# next stop - Yuja Wang



## Oskaar (Mar 17, 2011)

*Yuja Wang Plays Schubert and Liszt*

*Yuja Wang (Chinese: 王羽佳; pinyin: Wáng Yǔjiā; born February 10, 1987 is a Chinese classical pianist. She was born in Beijing, began studying piano there at age six, and went on to study at the Central Conservatory of Music in Beijing.*

A bit nonchalang somtimes, but lyricaly very clever, and good with tempi and sound strength variations.
Lovely music.!

Youtube comments

*Yuga Wang brings control and subtlety to these transcriptions. On the other hand Khatia B. plays Gretchen am spinnrade and the Erlkonig like a tigress devouring her prey but not always with Yuga Wangs measured control.
In fact I have huge admiration for both of these brilliant young pianists.
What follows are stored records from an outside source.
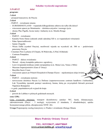 Szkolne wycieczki zagraniczne 3.PARYŻ 6dni program: 1 dzień – przejazd tranzytowy do Paryża 2 dzień – PARYŻ – zwiedzanie miasta: – EURODISNEYLAND – wspaniała kilkugodzinna zabawa nie tylko dla dzieci! – wieczorem spacer po Montmartre – dzielnica artystów i nocnego życia – słynny Plac Pigalle, liczne teatry i kabarety m.in. Moulin Rouge 3 dzień – PARYŻ – zwiedzanie: – Katedra Notre Dame (zabytek sztuki sakralnej XII w. ze wspaniałymi witrażami) – Pałac Sprawiedliwości – Sainte Chapelle – Wieża Eiffla (symbol Paryża), możliwość wjazdu na wysokość ok. 300 m – podziwianie panoramy Paryża – Cmentarz Pere Lachaise (F.Chopin, M.Walewska, E.Piaf, H.Balzak) – Centrum Pompidou 4 dzień – PARYŻ – dalsze zwiedzanie: – Wersal – słynny kompleks pałacowo–ogrodowy, – Luwr (wspaniała kolekcja sztuki europejskiej m.in. Mona Liza, Venus z Milo) – Muzeum Impresjonistów (Gare d’ Orsay) – Bazylika Sacre Couer – wieczorem spacer po Polach Elizejskich (Champs Elyses – najsłynniejsza aleja świata) 5 dzień – PARYŻ – zwiedzanie metrem: – nowoczesna dzielnica Paryża La Defense (supernowoczesne centrum handlowe i kulturalne), Łuk Tryumfalny (pomnik pamięci narodowej, brama, którą po zwycięskich bitwach powracał Napoleon Bonaparte) – w godz. popołudniowych wyjazd do kraju 6 dzień – powrót do Lublina w późnych godzinach nocnych. cena 1250,– Cena wycieczki obejmuje: transport (komfortowy autokar: WC, barek, klimatyzacja), zakwaterowanie (Paryż – 3 noclegi), wyżywienie (3 śniadania, 3 obiadokolacje), opieka licencjonowanego pilota, ubezpieczenie NNW i KL Uwaga Proponujemy nocleg tranzytowy w Pradze i zwiedzanie Złotego Miasta ------------------------------------------------------------------------------------------------------------------------ Biuro Podróży Orienty Travel TEL. 815328637, 606978069 www.orient.lublin.pl, [email protected]
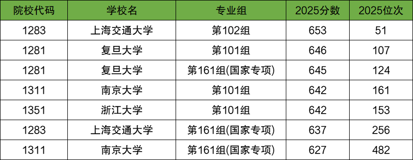 分数线较低的华东五校还有上海交通大学第161组(国家专项)(637分)、浙江大学第101组(642分)、南京大学第101组(642分)等。
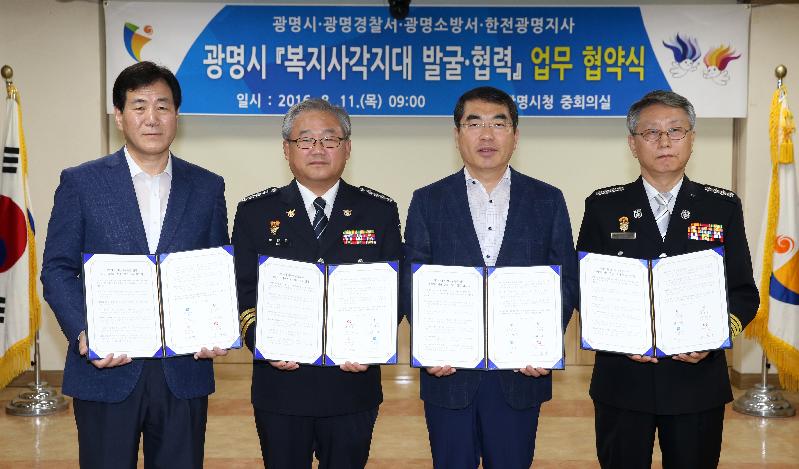 - 광명시, 광명경찰서, 광명소방서, 한국전력공사 광명지사 복지사각지대 발굴‧협력 MOU 체결
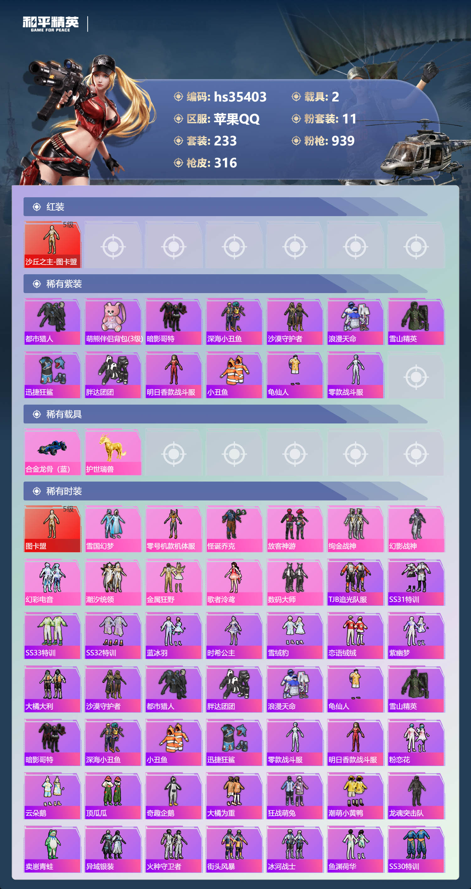 hs35403 苹果手q-26王牌印记-有战神框-1红装-11粉装-11特效呛-2载具-热力值-233套装-316呛皮-5卓越印记-2传奇印记 【1红装】沙丘之主-图卡盟/5级 【11粉装
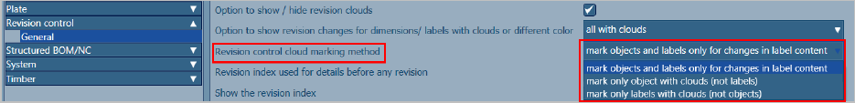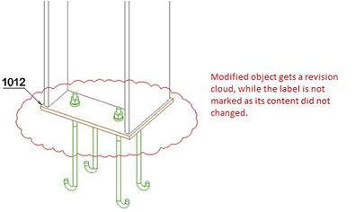When a drawing is updated with revision, the revision changes can be marked with clouds around the objects that were modified in the model. In addition to the revision marking of the modified object, it is possible to display revisions around dimension lines and labels which change their content during update.
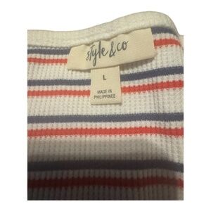 Style & Co, Blue & Red 3/4 Sleeve Pinstripe, Waffle Knit, Henley Shirt
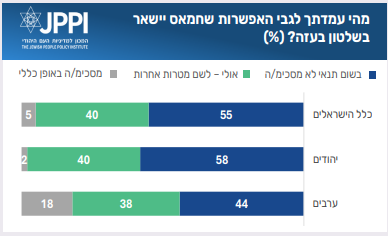 לאפשרות שחמאס ימשיך לשלוט בעזה ביום שאחרי המלחמה יש רוב שלא מסכים ״בשום תנאי״, זאת הגם שמקרב המשיבים הערבים רק מיעוט בוחר באפשרות זו. מקרב המשיבים היהודים, 55% אמרו שלא יסכימו בשום תנאי לאפשרות שחמאס יישאר בשלטון. 40% אמרו ש״אולי כן״ לצורך השגת מטרות אחרות (מן הסתם, החזרת החטופים וסיום המלחמה), ו-5% מסכימים לזה באופן כללי.
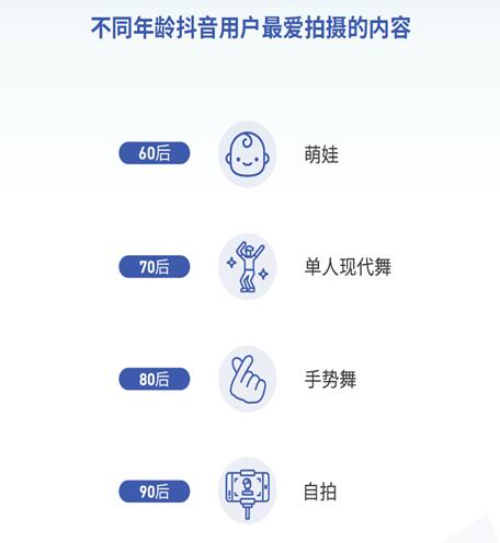 ユーザーの年代が異なると、撮影対象となるコンテンツも異なってくる。報(bào)告によると、「90後(1990年代生まれ)」のTik Tokユーザーは、自撮りによって自分の個(gè)性を表現(xiàn)することを好み、「80後(1980年代生まれ)」はフィンガーダンスが大好き、「70後(1970年代生まれ)」は、ソロのモダンダンスを好み、「60後(1960年代生まれ)」は、孫の成長を記録するのに夢中になっている。各年代の人々が、Tik Tokを使って、日常生活の「素晴らしい瞬間」を記録、発信している。
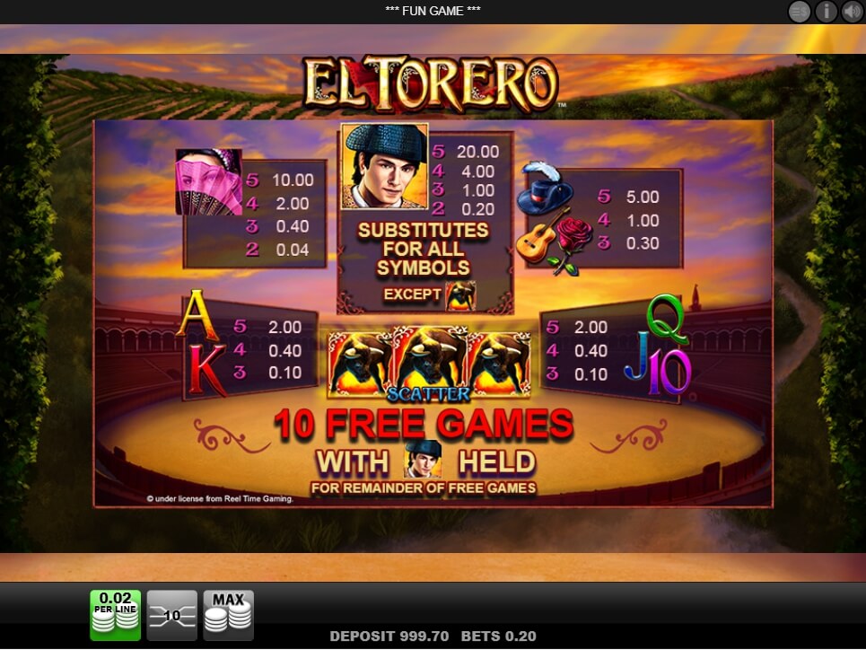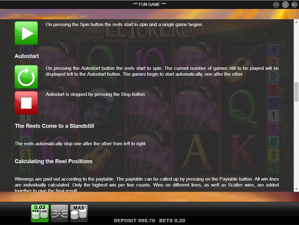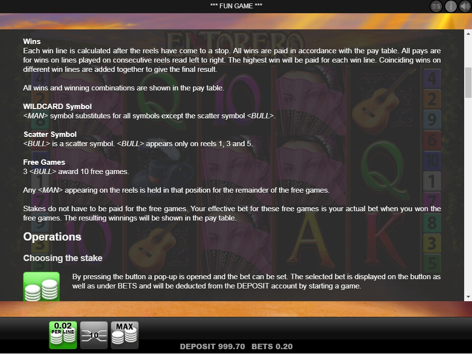 El Torero slot is a 5-reel model with 10 paylines and three rows of pictures on the screen. The layout of active lines is available in the rules. The slot machine has a fixed wager of 5 coins per line. In this case, the denomination of coins is in the range from 1 cent to 2 US dollars, which leaves room for maneuver both for beginners and experienced players. The jackpot is equal to 10 bets, and there is a pretty high chance to get it with a RTP of 96.08%!
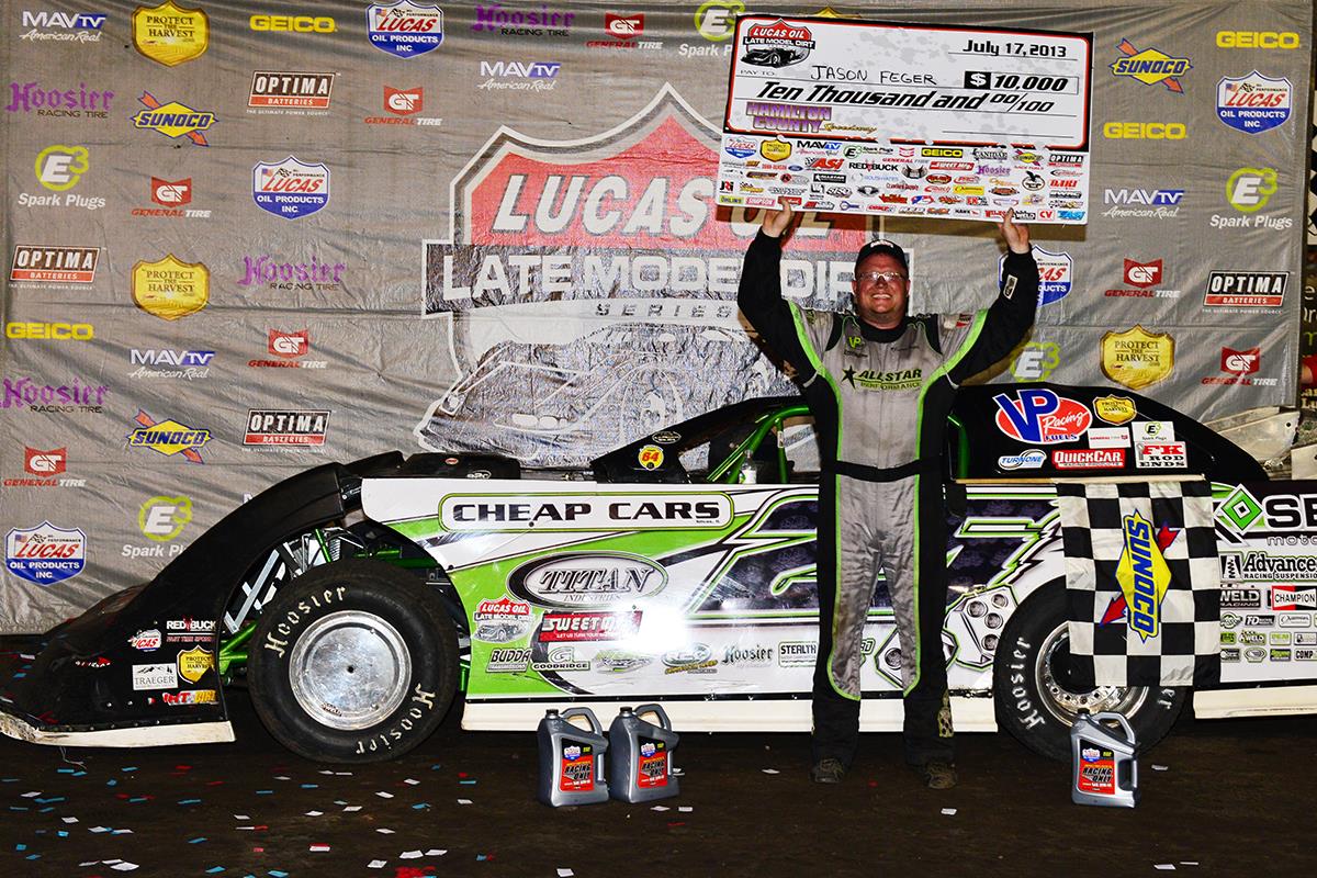 WEBSTER CITY, IA (July 17, 2013) – In his inaugural appearance at the historic Hamilton County Speedway, Jason Feger wins his first Lucas Oil Late Model Dirt Series event.
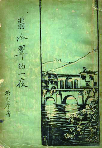 新月书店(上海望平街161号)1927年9月初版,分甲种和乙种本,正文共140页,收诗52首。甲种本纸张厚实,页面稍糙,定价6.5角;乙种本纸张稍薄,页面光滑,定价5.5角。这两种版本,唐弢都有收藏,皆为毛边本。封面左侧題有“翡冷翠的一夜 徐志摩著”,右侧为江小鹣画作,内容为翡冷翠维基乌大桥风景——天上繁星点点,远处城墙绵延,近处波光微漾,眼前枝叶浮水。画面空间感很强,也别具美感。
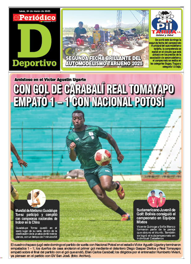 InicioTapasTapa DeportivoPortada Deportiva 24-03-2025 Portada Deportiva 24-03-2025 Por El Periódico 24 marzo, 2025 FacebookXWhatsApp Comparte esto: Comparte en Facebook (Se abre en una ventana nueva) Facebook Compartir en X (Se abre en una ventana nueva) X ARTÍCULOS RELACIONADOS Tapa Deportivo Edición Deportiva 5-04-2026 5 abril, 2026 Tapa Principal Edición 5-04-2026 5 abril, 2026 Tapa Deportivo Edición Deportiva 4-04-2026 4 abril, 2026 LO MÁS LEIDO Choferes de Oruro anuncian paro y bloqueos desde el lunes por gasolina Legislativo y Órgano Judicial en polémica aparte por controlar Derechos Reales y el Notariado Edición 5-04-2026 Edición Deportiva 5-04-2026 Rodrigo Paz anticipa que el lunes hará anuncios de “temas impositivos”
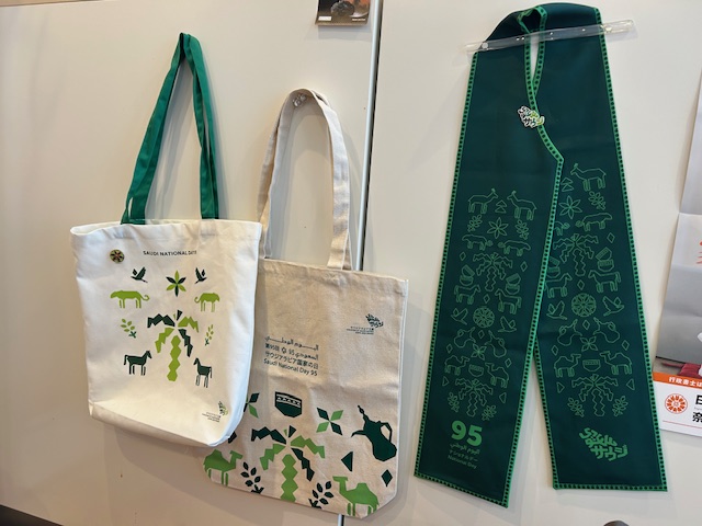 左がサウジアラビアパビリオンで売っていたトートバッグ。中央、記念式典出席者へのお土産トートバッグ。右が記念式典出席者へのお土産スカーフ。
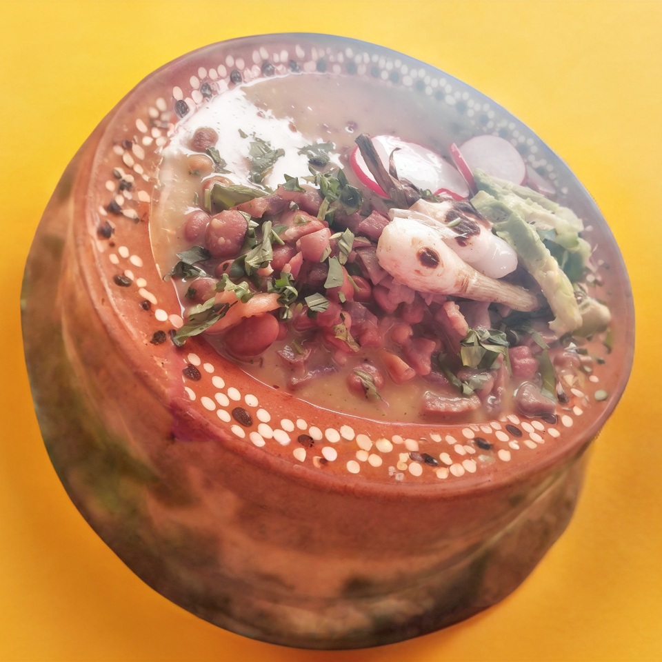 1 LT de menudo, salsas, verdura, 5 tortillas echas a mano
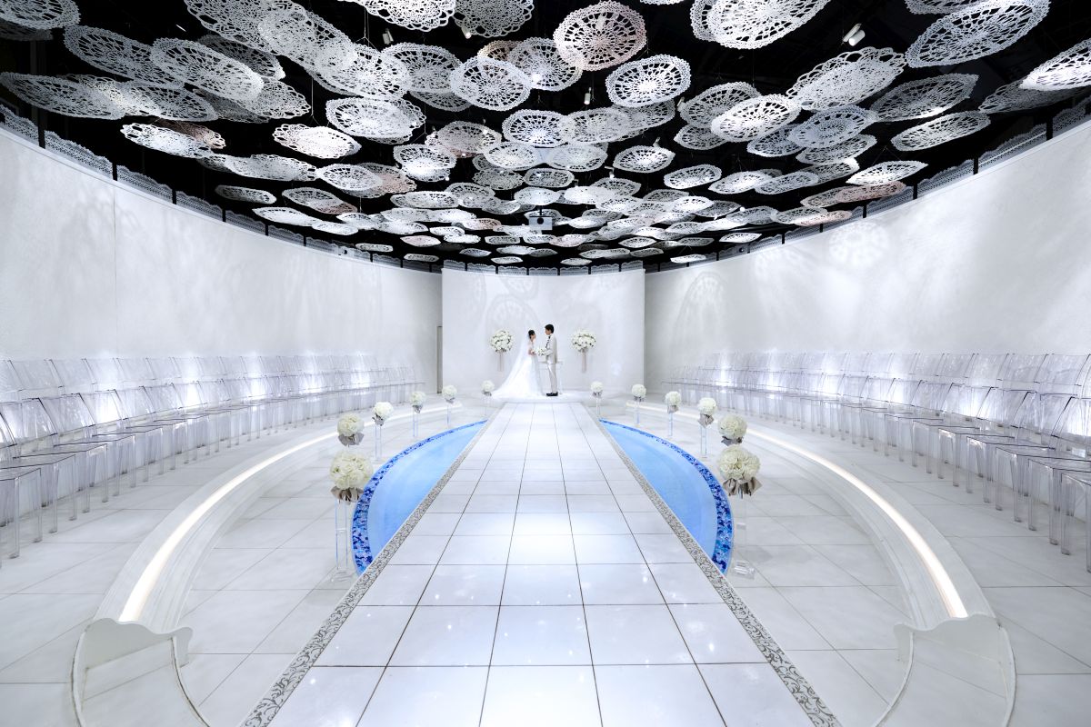 チャペルとしては珍しい劇場のような円形の作りになっていて、ゲストは中央を向いて座るため「バージンロードを歩む二人の姿が見やすい」と好評です。

Lady Wang, You are the best! You make me cry - it's Your way to tell the story, forgetting about any difficulties of technics. You do all the music in the very natural way like Your appearance! You are a modern young Lady, and Your recordings sound exactly like this. Thank You very much!
Juergen, an old german musician*


----------



## Oskaar (Mar 17, 2011)

*Yuja Wang plays Rachmaninov's Piano Concerto No. 3*

I like this spartane an carefull approach to the concerto, still passionate and rich. Fine interpretation!


----------



## Oskaar (Mar 17, 2011)

*Yuja Wang plays Chopin Waltz_and others*

*Yuja Wang (Chinese: 王羽佳; pinyin: Wáng Yǔjiā; born February 10, 1987 is a Chinese classical pianist. She was born in Beijing, began studying piano there at age six, and went on to study at the Central Conservatory of Music in Beijing.
1. Chopin Waltz Opus 64 No.2
2. Gluck/Wang - Orfeo ed Euridice:Melody
3. Strauss/Cziffra - Tristsch-tratsch Polka*

Fine playing-beautiful music

youtube comments

*that last piece by Liszt/Cziffra must be INSANELY difficult!!﻿

Yuja Wang displays perfection in what a concert pianist performs in playing Chopin!﻿

beautiful light touch and musical expression...Awesome.....﻿*


----------



## Oskaar (Mar 17, 2011)

*Yuja Wang - Rachmaninoff Piano Concerto No. 2*

She combines a relatively light touch with great passion, and the lyrical approach that this fantastic concerto requires. It is a different, less powerfull way to play Rach 3. I like it. As I like other ways of playing it. It is not only one way. Great co-playing with the orchestra.

Youtube link

*this feels absolutely dead, she didn't butcher it, but comparing this to kissin's, it just lacks the artistic depth necessary for rach. don't understand why most comments are positive, i personally haven't seen a commendable performance by her yet﻿

This is a lot of talk about her lack of emotion, but I think she really nails it at 23:30... and also everywhere else haha. She might be cautious, but she's mastering it in a way I wish I could put my own 20 years of piano and a degree in music to use, and it looks like she only weighs 80 pounds LOL. She's not even 25 and she's doing a piece most can't accomplish until much later in their development. I'm impressed she got through the first page. You'd all hate my humble videos if you hate this Rachmaninoff miracle.﻿

There is a lot of mistakes,BUT,BUT,only with Yuja Wang I started to listen Rachmanonoff,and now he is my favorit komposer........THANKS YUJA﻿*


----------



## Oskaar (Mar 17, 2011)

*Tchaikovsky Piano Concerto No 1 Yuja Wang Hannu Lintu Finnish RSO*

*Pyotr Ilyich Tchaikovsky Piano Concerto No 1 B flat minor 
Yuja Wang, piano
Hannu Lintu conducts Finnish RSO
Allegro non troppo e molto maestoso -- Allegro con spirito (B flat 18minor → B flat major) 
Andantino semplice -- Prestissimo (D flat major) 22:20
Allegro con fuoco (B flat minor → B flat major) 29:30*

More difficult to be positive here. Her lightness and child-like charm in the playing does not suit the monumental melodic parts of this concerto. There are lighter parts, but she dont manage to give the concert the particular life, that I think she managed in Rach 3.

youtube comments

*I finally understand the Yuja fans. This is so straight forwardly sincere and heartfelt, it blew me over﻿

The brave girl here sounded like she thought she was on vacation or the Finns wanted the Tchaikovsky served chilled as hell.﻿

Tchaikovsky on High Heels.*


----------